**Work required**: Give back all of the data exactly as it stands, with the pictures removed.

**Data provided**:

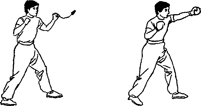 〔要点〕弹拳之前手臂肌肉尽力放松,陡然发力。出拳 时顺肩送肘,松腕甩出,伸肩丢臂,弹出即回。
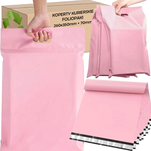 Pratiche buste corriere rosa in LDPE con manico fustellato per un trasporto comodo. Offrono chiusura sicura grazie alla striscia autoadesiva, resistenza agli strappi e protezione della privacy grazie al materiale opaco. Ideali per spedizioni e‑commerce e confezioni regalo, dimensioni 260 × 350 + 70 mm, confezione da 50 pz.
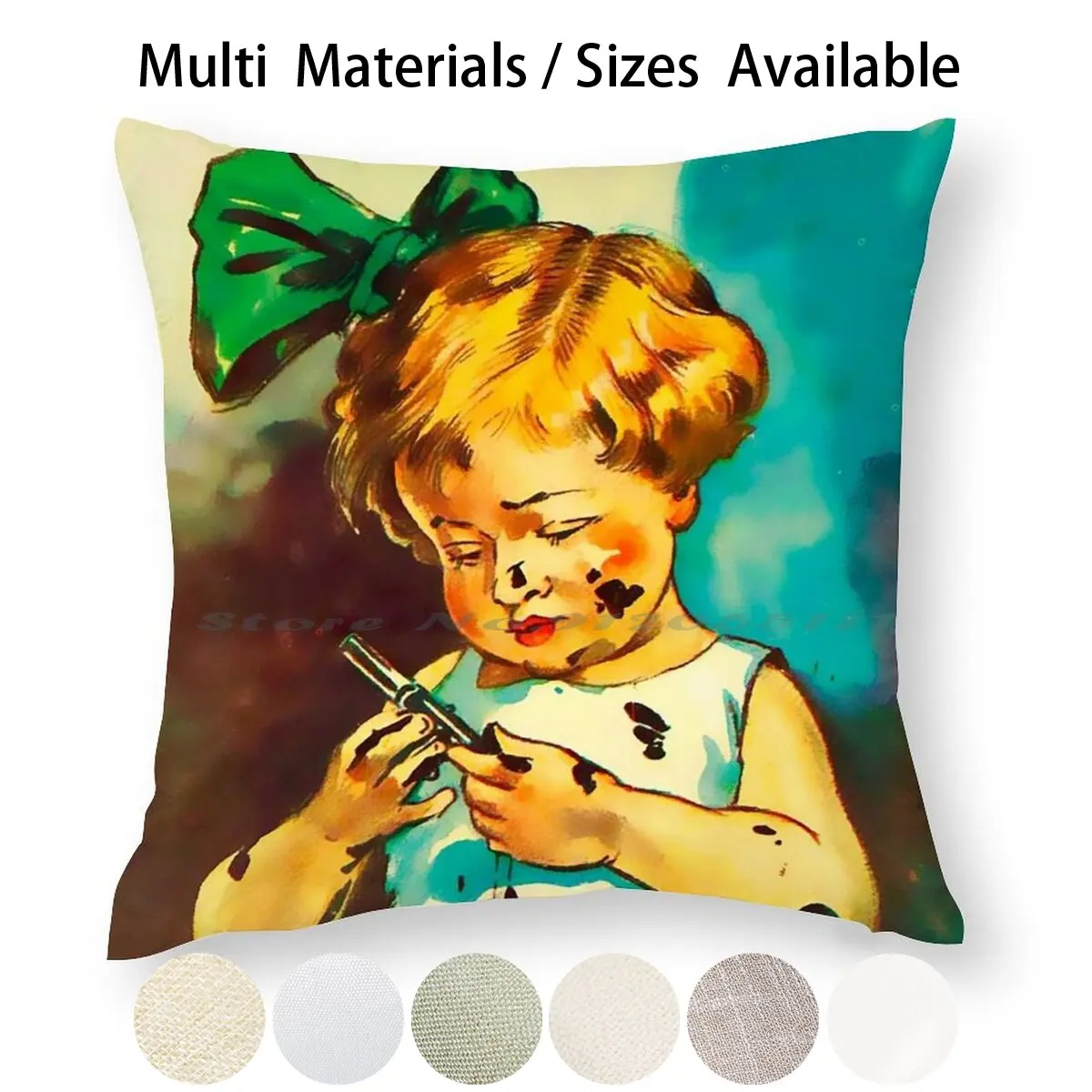 Девочка загрязнена краской. Красочный чехол для подушки с винтажным рисунком, наволочка для подушки из хлопка и льна, наволочка для девушек с рисунком

**Your solution**:
 〔要点〕弹拳之前手臂肌肉尽力放松,陡然发力。出拳 时顺肩送肘,松腕甩出,伸肩丢臂,弹出即回。
 Pratiche buste corriere rosa in LDPE con manico fustellato per un trasporto comodo. Offrono chiusura sicura grazie alla striscia autoadesiva, resistenza agli strappi e protezione della privacy grazie al materiale opaco. Ideali per spedizioni e‑commerce e confezioni regalo, dimensioni 260 × 350 + 70 mm, confezione da 50 pz.
 Девочка загрязнена краской. Красочный чехол для подушки с винтажным рисунком, наволочка для подушки из хлопка и льна, наволочка для девушек с рисунком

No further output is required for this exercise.